The thing with these Supras, and Honda Civics, and some of these other little Japanese four-cylinder cars, is that just by switching a couple of hoses on the turbo you can get a big boost in horsepower out of them. With a fifteen-hundred-dollar conversion the thing can really put out some speed. With a few more modifications, like four or five grand, these vehicles can become full-on race cars.

That’s why there’s a whole cult following for these things. It even crossed over into Hollywood with those Fast and the Furious films. Nick was right in the thick of it from when he was twelve years old—begging me to take him up to Gainesville and all of these other towns for Supra meets on the weekends.
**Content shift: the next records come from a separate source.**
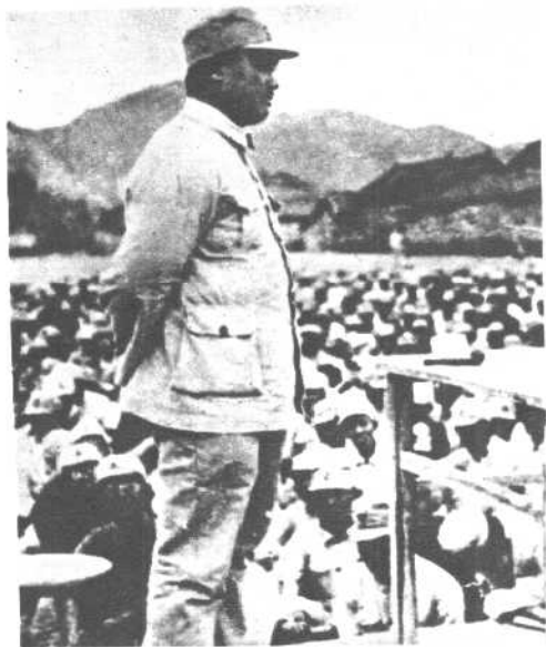
贺龙在“抗大”作报告。
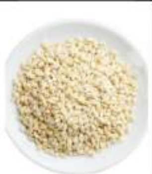
ORZO PERLATO KG 1
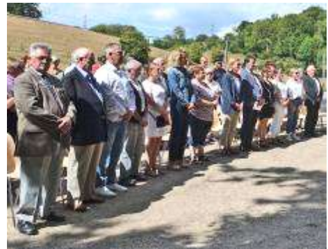
Cérémonie à la mémoire des Maquisards
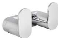
Ref. 05170 Acabado: Brillante Finitura: Brillante
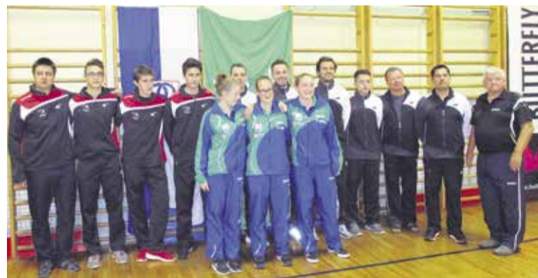
Naši tretje in prva ligaška ekipa ter naše reprezentantke, skupaj z nekaterimi člani vodstva Namiznoteniške sekcije Mengeš

Nekaj informacij z ligaških in pokalnih tekmovanj. Naša ekipa v 1. namiznoteniški ligi je izgubila z aktualnimi podprvaki NTK Kemo iz Puconcev z 2:5, izgubila je tudi v gosteh z aktualnimi državnimi prvaki NTK Krko iz Novega mesta z rezultatom 0:5, po porazu v 5. krogu proti ekipi NTK Murska Sobota s 3:5 pa zaseda trenutno 7. mesto v 1. SNLT. Priložnost za dvig na lestevici bo že 26. novembra, ko se bo v doma-
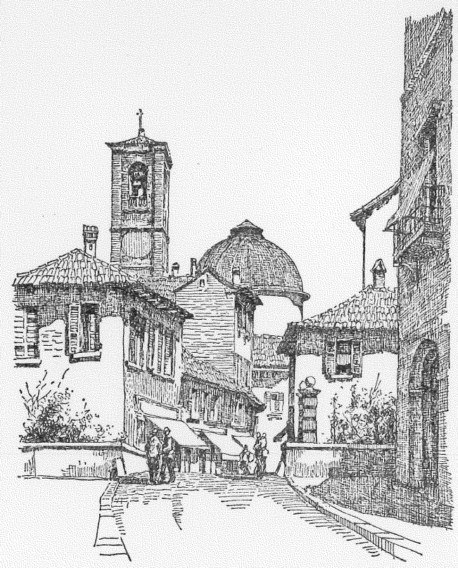
VECCHIA GALLARATE Contrada del Broda

GALLARATE Contrada del Broda CASTELLANZA Arco dei Platani 1764
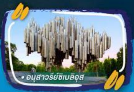
• อนุสาวรีย์ซิมลิส
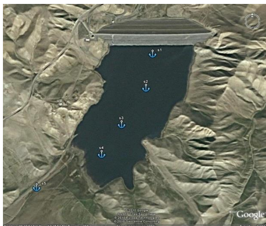
شکل شماره ۱. دریاچه ارسباران و محل ایستگاه‌های نمونه‌برداری
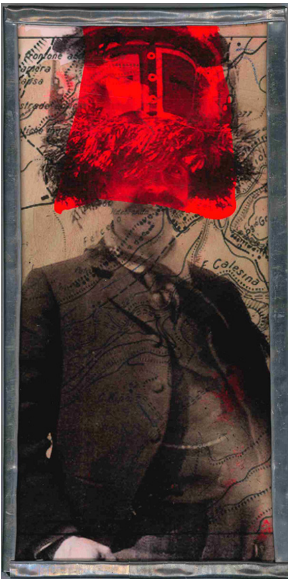
Série Millenovecento , Warburg kachina . 2019 Dimensions : 30 x 15 cm Technique mixte ©Salvatore Puglia courtesy galerie Sit Down
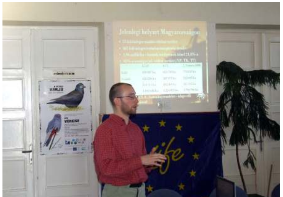
Tájékoztató a Natura 2000 és a madárvédelmi programról

2000 és a hozzá kapcsolódó agrártámogatások volt. E témakörrel az MME a következő lapszámában fog cikket közölni.
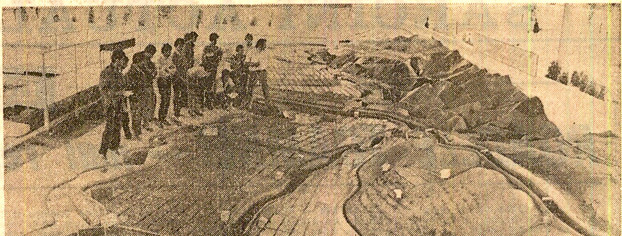
În laboratorul de irigaţii şi drenaje al Facultăţii de hidrotehnică din Iaşi.

editoriale de ecou trebuie să aibă în urmă ani de muncă şi cercetare, analize nuanţate, întreprinse de pe platforma unei prestigioase culturi ştiinţifice şi general filozofice.
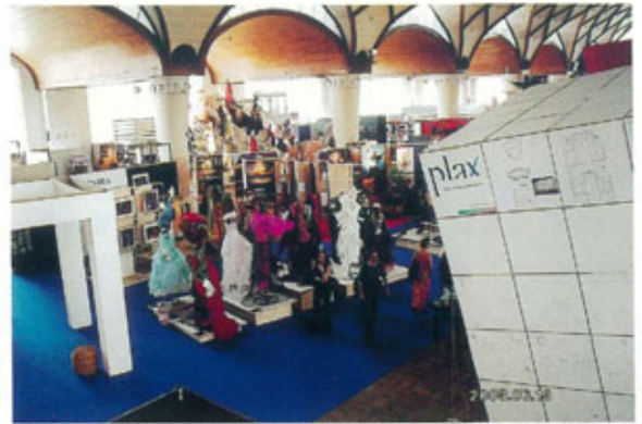
●右手前の白い造形はハンガリーブース、最奥にギリシャブースの衣裳が見える
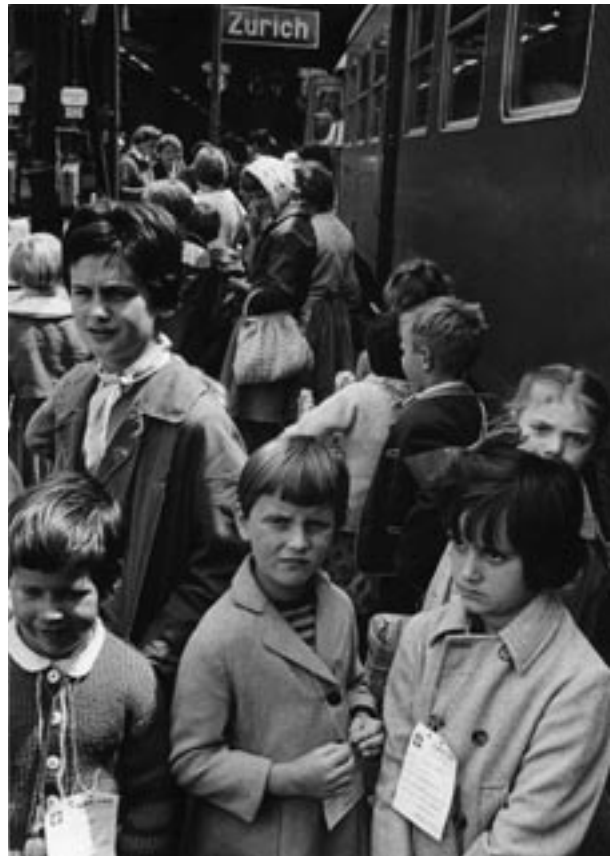
40er-Jahre, Flüchtlingskinder aus Österreich. Ankunft in Zürich.

be zu bewältigen. Die SFH sammelt Gelder und dient als Schnittstelle zwischen den verschiedenen Hilfswerken und den Gemeinde-, Kantons-, und Bundesbehörden. Gegen Kriegsende werden auf dem Gebiet der Schweiz über 116 000 Flüchtlinge und Internierte gezählt. Doch in den Jahren 1942 bis 1944 schicken die Schweizer Behörden über 10 000 Flüchtlinge, die meisten davon Juden, über die Grenze zurück in
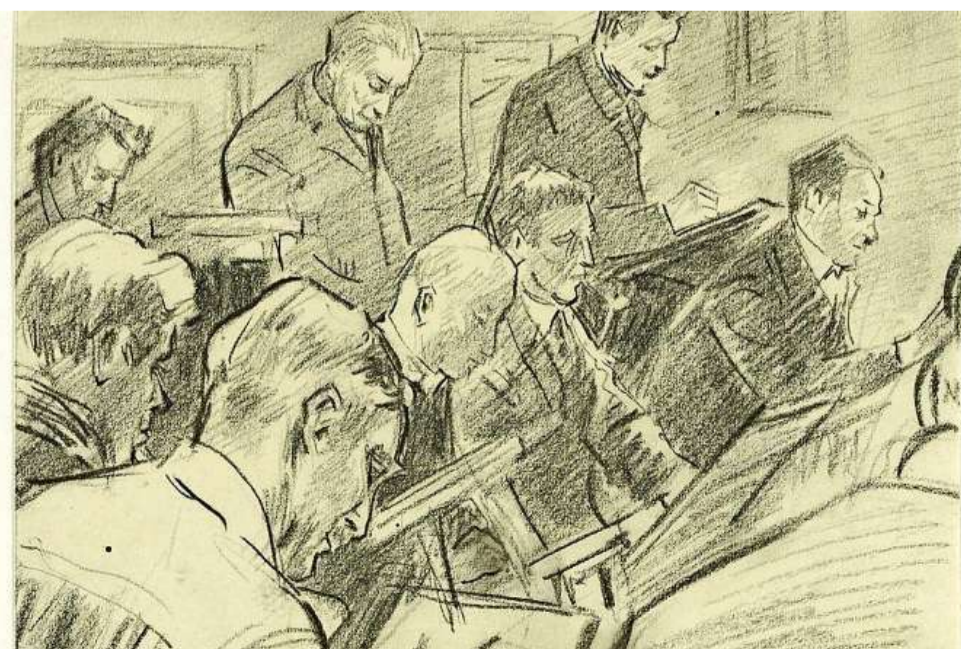
Gemaakt door Wiegman tijdens een tekenavond van Kunst Zij Ons Doel in 1932 in De Waag.

So all of a sudden, Hulk Hogan is standing in the parking lot of a Wal-Mart with all these car buffs coming up to me going, “What are you doing here?” For a while, that’s how I spent almost every weekend with my son. Heck, even Linda and Brooke got into it.

Before long, Nick knew the names of all the drivers and who owned what car. His enthusiasm was so great that he got the attention of some of those drivers, and started befriending some of the people he would eventually team up with when he got into racing. At fourteen he was becoming friends with guys who were nineteen and twenty. Their mutual love for these cars seemed to erase the age difference, and some of these guys saw a real promise in Nick as a potential driver someday.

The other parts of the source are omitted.